A particle P of mass m=1 moves on the x-axis under the force field
F=36/(x^3) - 9/(x^2) (x>0).
Show that there is a single equilibrium position for P and that it is stable. Find the period of small oscillations about this point.
To show that there is a single equilibrium position for particle P, we need to find where the net force acting on the particle is zero. In other words, we need to find the value of x for which F(x) = 0.
Let's start by setting F(x) equal to zero:
36/(x^3) - 9/(x^2) = 0
To simplify this equation, let's multiply both sides by x^3 to eliminate the denominators:
36 - 9x = 0
Now, let's solve for x:
36 = 9x
x = 36/9
x = 4
Therefore, the equilibrium position for particle P is at x = 4. This means that when the particle is at x = 4, the net force acting on it is zero.
To determine if this equilibrium position is stable, we need to analyze the behavior of the force as the particle deviates from x = 4. We can do this by examining the sign of the derivative of the force function.

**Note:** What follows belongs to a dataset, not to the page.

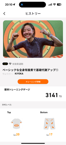 帰宅後はパワースーツを着て、KIYOKAさんの有酸素メニューを行いました。
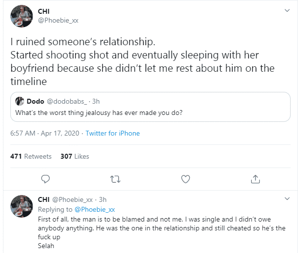 “I ruined someone’s relationship. Started shooting shot and eventually sleeping with her boyfriend because she didn’t let me rest about him on the timeline

The derivative of the force function is given by:
F'(x) = dF/dx = -108/(x^4) + 18/(x^3)
Now, let's evaluate F' at x = 4:
F'(4) = -108/(4^4) + 18/(4^3)
F'(4) = -108/256 + 18/64
F'(4) = -27/64 + 9/64
F'(4) = -18/64
F'(4) = -9/32
Since F'(4) is negative, this means that the force is increasing as the particle deviates from x = 4. This indicates that the equilibrium position is stable because the particle will experience a restoring force that brings it back towards x = 4 when it is displaced.
To find the period of small oscillations about the equilibrium position, we can use the formula:
T = 2π√(m/k)
where T is the period, m is the mass of the particle, and k is the spring constant. In this case, k represents the stiffness of the force function in the vicinity of x = 4.
To find k, we can differentiate the force function twice:
F''(x) = d^2F/dx^2 = 432/(x^5) - 54/(x^4)
Now, let's evaluate F'' at x = 4:
F''(4) = 432/(4^5) - 54/(4^4)
F''(4) = 432/1024 - 54/256
F''(4) = 27/64 - 54/256
F''(4) = 27/64 - 27/128
F''(4) = 27/64 - 27/64
F''(4) = 0
Since F''(4) = 0, the stiffness (k) at the equilibrium position is zero. This indicates that the motion of the particle is not governed by a traditional spring force, but by a force field. Therefore, the period of small oscillations about the equilibrium position cannot be found using the formula mentioned earlier.
In this case, finding the period of small oscillations requires a more in-depth analysis of the behavior of the particle near x = 4 in the force field.